• TRY IT:
Please print, exactly, only the lines in the entries below from the line that has "New growth among the reeds by the lake" through the line that has "POWER SUPPLY: 110V/60Hz". Pictures don't go in.
=== Begin Enclosure ===
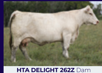
HTA DELIGHT 262Z Dam

BW 117 LBS BW % OF DAM 7.1% AOD 11 ADJ 205 861 ADJ 365 1469 ADG 3.8
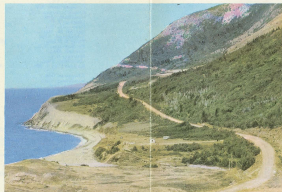
The spectacular Cabot Trail wends its way between Atlantic waters and the highlands of Cape Breton Island
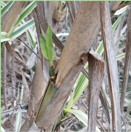
New growth among the reeds by the lake

From the creation, learn to admire the Lord! Indeed the magnitude and beauty of creation display a God who is the artificer of the universe. He has made the mode of creation to be our best teacher."
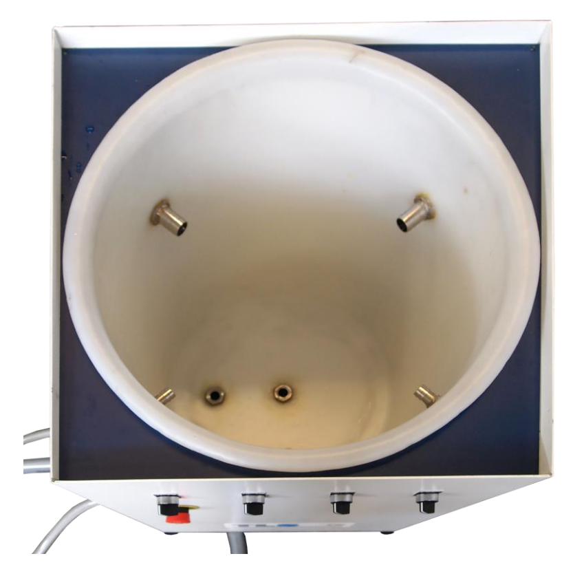
White water tank interior view

POWER SUPPLY: 110V/60Hz or 220V/50Hz single-phase
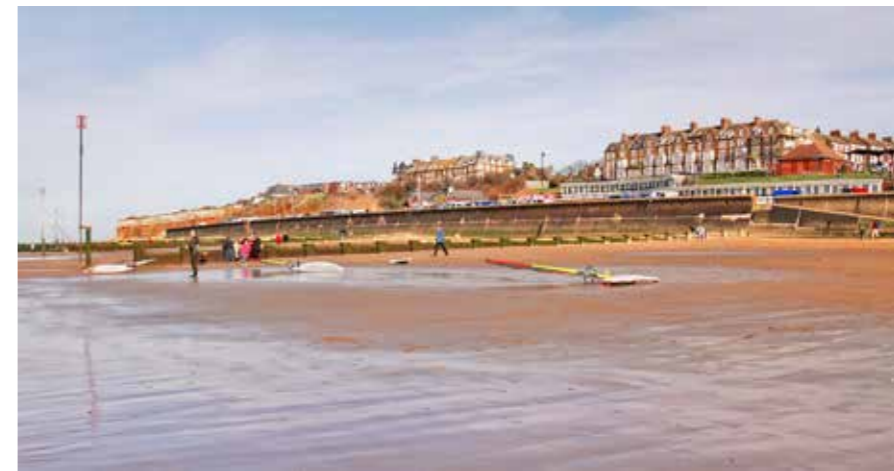
Hunstanton beach and seafront

“It's lovely to stroll along the seafront - and it's so close!”
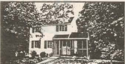
CHEVERLY PROPER - ALL BRICK: Three Bedrooms 1.5 baths, fireplace, rec-room and w/w carpet. Near metro. Priced to sell real fast at $117,500. all terms, call 345-2151.
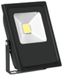
EN-FL10A 10W Adjustable IP65 LED Floodlight
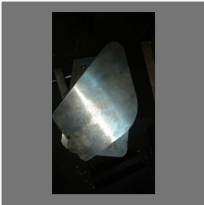
Press Tool Component
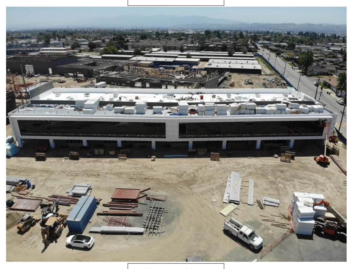
Chino HS Bldg. H
=== End Enclosure ===
• OUTPUT FOR THIS TASK:
New growth among the reeds by the lake

From the creation, learn to admire the Lord! Indeed the magnitude and beauty of creation display a God who is the artificer of the universe. He has made the mode of creation to be our best teacher."
White water tank interior view

POWER SUPPLY: 110V/60Hz or 220V/50Hz single-phase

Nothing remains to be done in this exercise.